*** Opening of Records for the exercise ***

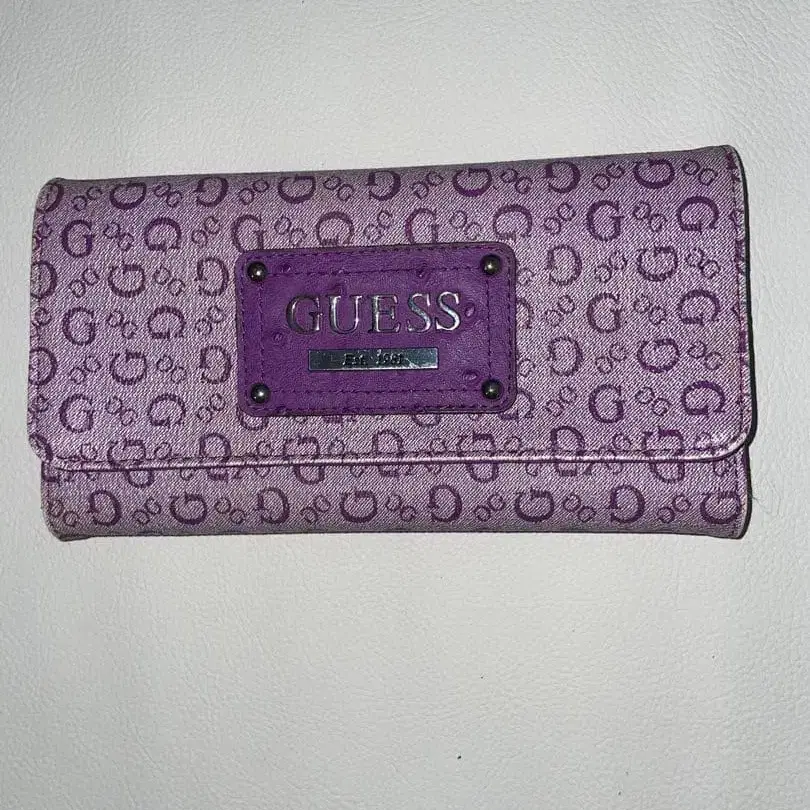 GUESS 로고 패턴 퍼플 장지갑 여성용
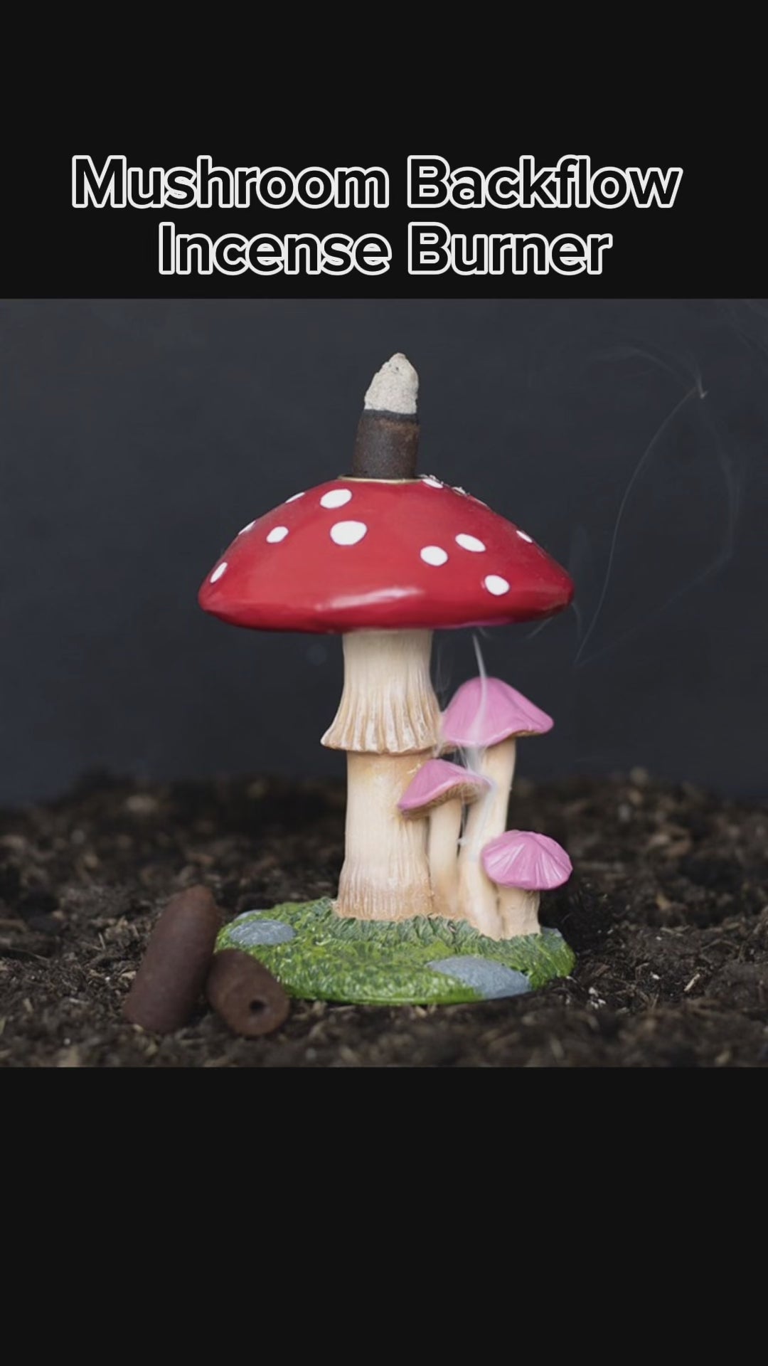 Create your own magickal woodland while fragrance the home with this whimsical forest mushroom backflow incense burner. Simply place a smoking backflow incense cone on top of the large toadstool and watch as smoke curls over the mushrooms below.
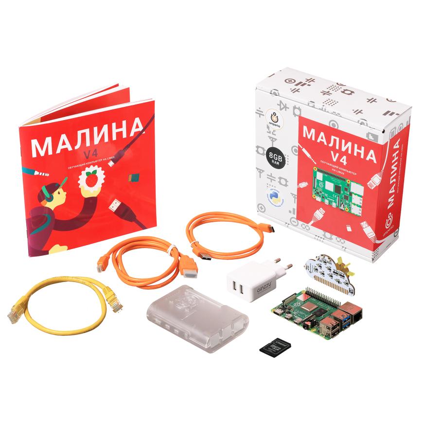 В набор входит микрокомпьютер Raspberry Pi 4 Model B. Его размер чуть больше банковской карты. На этой крошечной плате уместили центральный процессор, оперативную память, порты HDMI, классические порты USB, разъём Ethernet, а также модули Wi-Fi и Bluetooth. Работает микрокомпьютер на операционной системе Linux. В комплект также входят все необходимые кабели и сетевой адаптер. Данная версия имеет увеличенный объём ОЗУ, составляющий 8 ГБ.
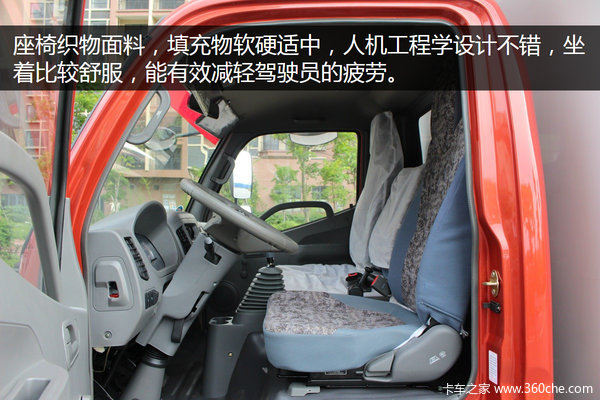 欧马可3系采用的是织物面料座椅,填充物软硬适中,人机工程学做的不错,坐着比较舒服,能有效减轻驾驶员的疲劳。座椅支持前后和靠背调整,坐垫前后可调整的范围达17厘米,基本满足了不同身材的驾驶员乘坐。
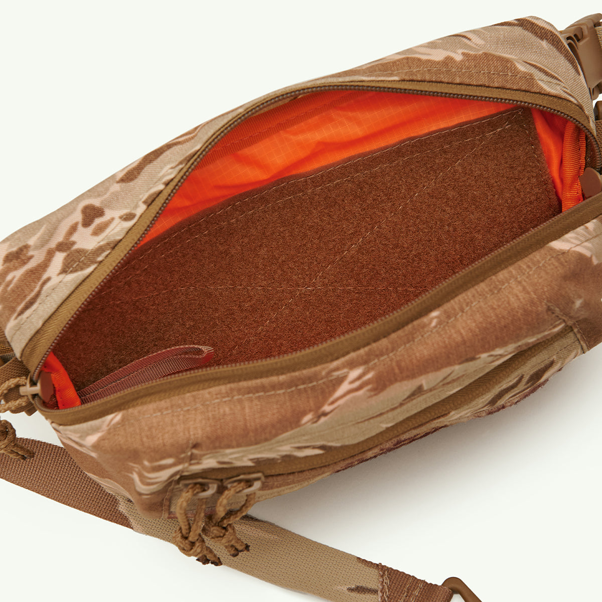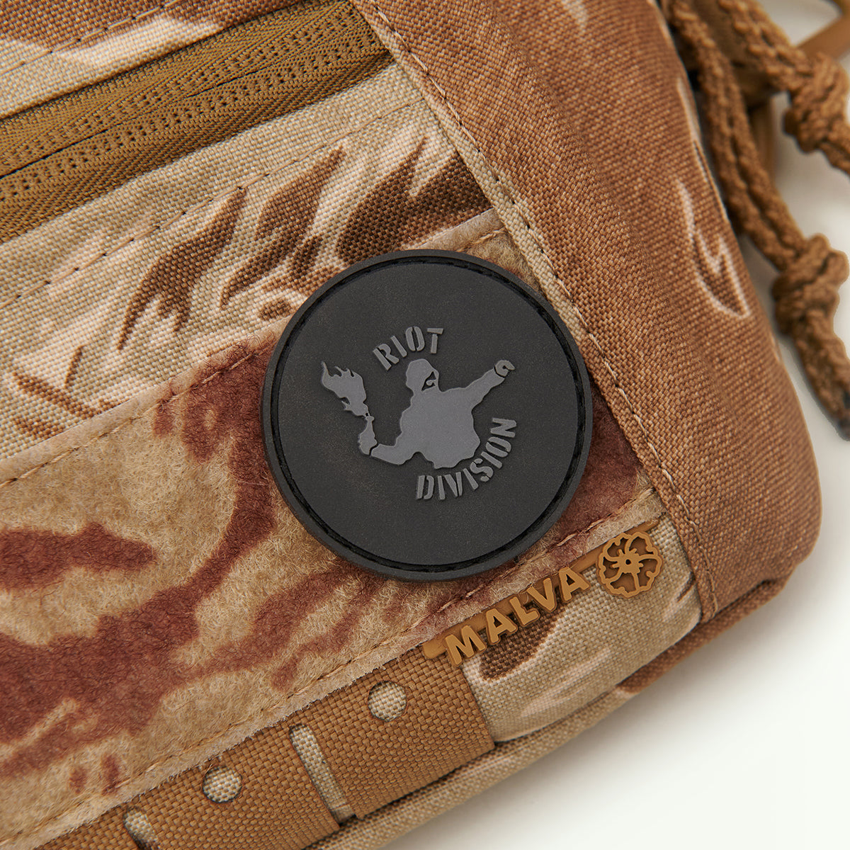 Матеріали: PU and DWR coated -NIR compliant -Desert Tiger Stripe Cordura 500 den MilSpec -Desert Tiger Stripe Velcro Loop -Desert Tiger Stripe Double Sided Printed Webbing -Squadron 500/1000 Denier CorduraFabric -Velcro - Due Emme (2M)
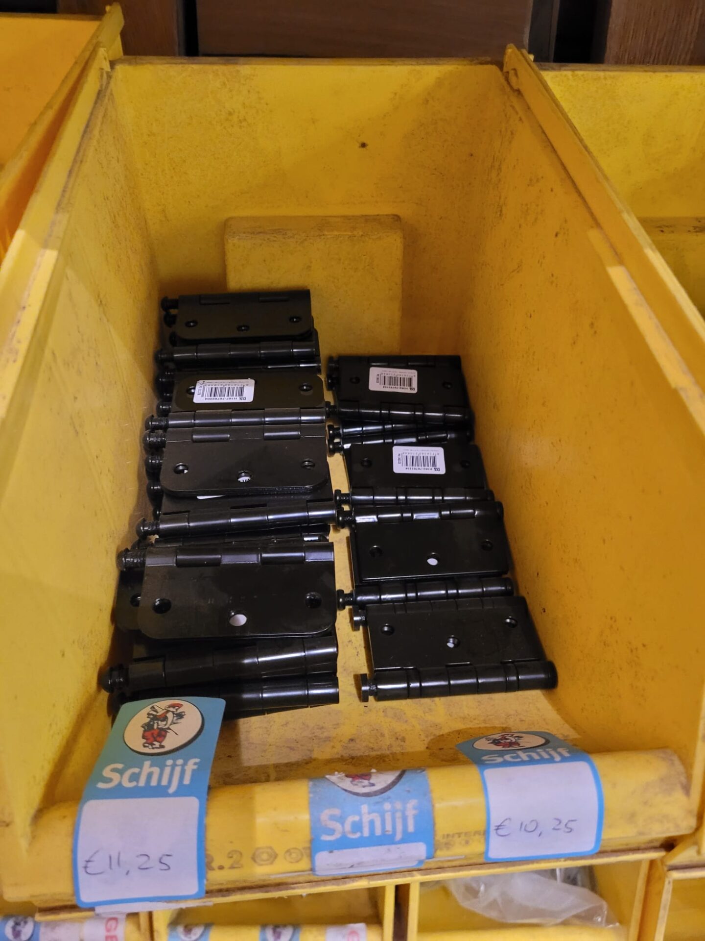 Bij ons vindt u niet alleen een uitgebreid assortiment gebruikte bouwmaterialen, maar ook een selectie nieuwe scharnieren. Omdat we ons richten op het hergebruik van bestaande materialen en het op maat maken van deuren, begrijpen we dat sommige klanten de voorkeur geven aan nieuwe scharnieren voor optimale stevigheid en betrouwbaarheid. Deze nieuwe scharnieren combineren het beste van twee werelden: ze zorgen voor een lange levensduur en passen perfect bij onze maatwerkdeuren gemaakt van hergebruikte materialen.

*** Close of Records for the exercise ***

### What to do:
From the line containing "Матеріали: PU and" through the final line of the records, write out each line exactly, and include no pictures.

### Response to the task:
 Матеріали: PU and DWR coated -NIR compliant -Desert Tiger Stripe Cordura 500 den MilSpec -Desert Tiger Stripe Velcro Loop -Desert Tiger Stripe Double Sided Printed Webbing -Squadron 500/1000 Denier CorduraFabric -Velcro - Due Emme (2M)
 Bij ons vindt u niet alleen een uitgebreid assortiment gebruikte bouwmaterialen, maar ook een selectie nieuwe scharnieren. Omdat we ons richten op het hergebruik van bestaande materialen en het op maat maken van deuren, begrijpen we dat sommige klanten de voorkeur geven aan nieuwe scharnieren voor optimale stevigheid en betrouwbaarheid. Deze nieuwe scharnieren combineren het beste van twee werelden: ze zorgen voor een lange levensduur en passen perfect bij onze maatwerkdeuren gemaakt van hergebruikte materialen.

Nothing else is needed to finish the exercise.